The concept of plays was created for domains where tight synchronization of
actions between team members is required. Therefore, the sequence of tactics
to be performed by each role is executed in lock step with each other role
in the play. Hence, the play forms a fixed team plan whereby the sequence of
activities is synchronized between team members.
As not all plans are appropriate under all circumstances, each play has a
Boolean evaluation function that determines the applicability of the play.
This function is defined on the team's belief state, and determines if the
play can be executed or not. Thus, it is possible to define special purpose
plays that are applicable only under specific conditions as well as
general-purpose plays that can be executed under much broader conditions.
Once executed, there are two conditions under which the play can terminate.

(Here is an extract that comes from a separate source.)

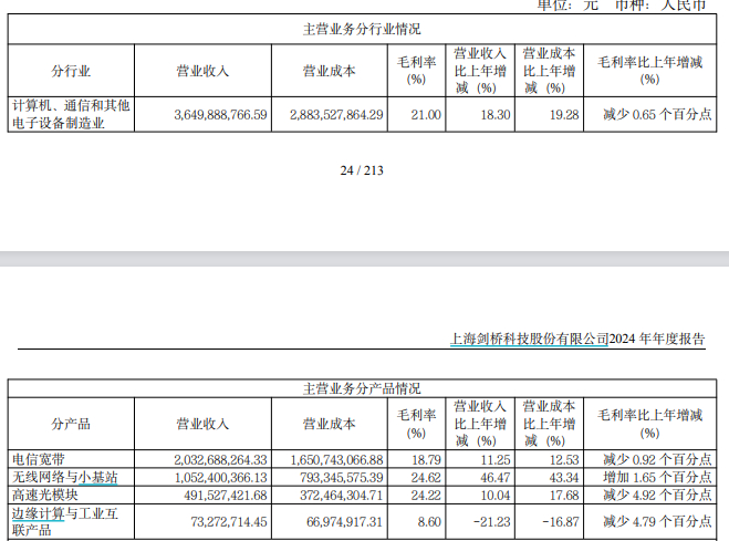 分业务看,2024年,电信宽带终端仍然是剑桥科技的支柱业务,全年收入20.33亿元,虽较2023年的18.27亿元增长11.25%,但相比2022年的20.59亿元仍略有下降。

The first is that the team finishes executing the team plan. Each play
includes an evaluation function that determines whether the play should be
terminated. As with applicability, this evaluation function operates over
the team's belief state. Hence, the second means of ending a play is if the
termination evaluation function determines that the play should end, either
because it has failed or is successful.
Team strategy consists of a set of plays, called a playbook, of which the
team can execute only one play at any instant of time. A play can only be
selected for execution if it is applicable. From the set of applicable
plays, one is selected at random with a likelihood that is tied to the
play's weight. The plays are selected with a likelihood determined by a
Gibbs distribution from the weights over the set of applicable plays. This
means the team strategy is in effect stochastic. This is desirable in
adversarial domains to prevent the team strategy being predictable, and
therefore exploitable by the opponent.
Language
The human interface, Teamtalk (Harris et al. 2004), is a multi-modal
multi-agent dialog system, which accommodates multiple dialogue agents in a
single experimental framework. Teamtalk uses the Galaxy-II framework (Seneff
et al. 1998) for message routing. It uses Sphinx-II (Huang et al. 1993) for
automatic speech recognition, Phoenix (Ward 1994) for context-free grammar
parsing, Helios (Bohus & Rudnicky 2002) for confidence annotation, Ravenclaw
(Bohus & Rudnicky 2003) for dialogue management, ROSETTA (Oh & Rudnicky
2000) for natural language generation, and Swift for text-to-speech
rendering. The dialog management system, Ravenclaw, is a generalized
tree-based dialogue management framework that provides the designer of a
dialogue management system with mechanisms through which to specify dialogue
tasks.
The Teamtalk system addresses several challenges in multi-modal and
multi-agent spoken dialog. Some of these challenges are currently addressed
at a superficial level, as we believe that all of the elements must be in
place to some degree in order to develop valid tests of the system-wide
consequences of the other design decisions.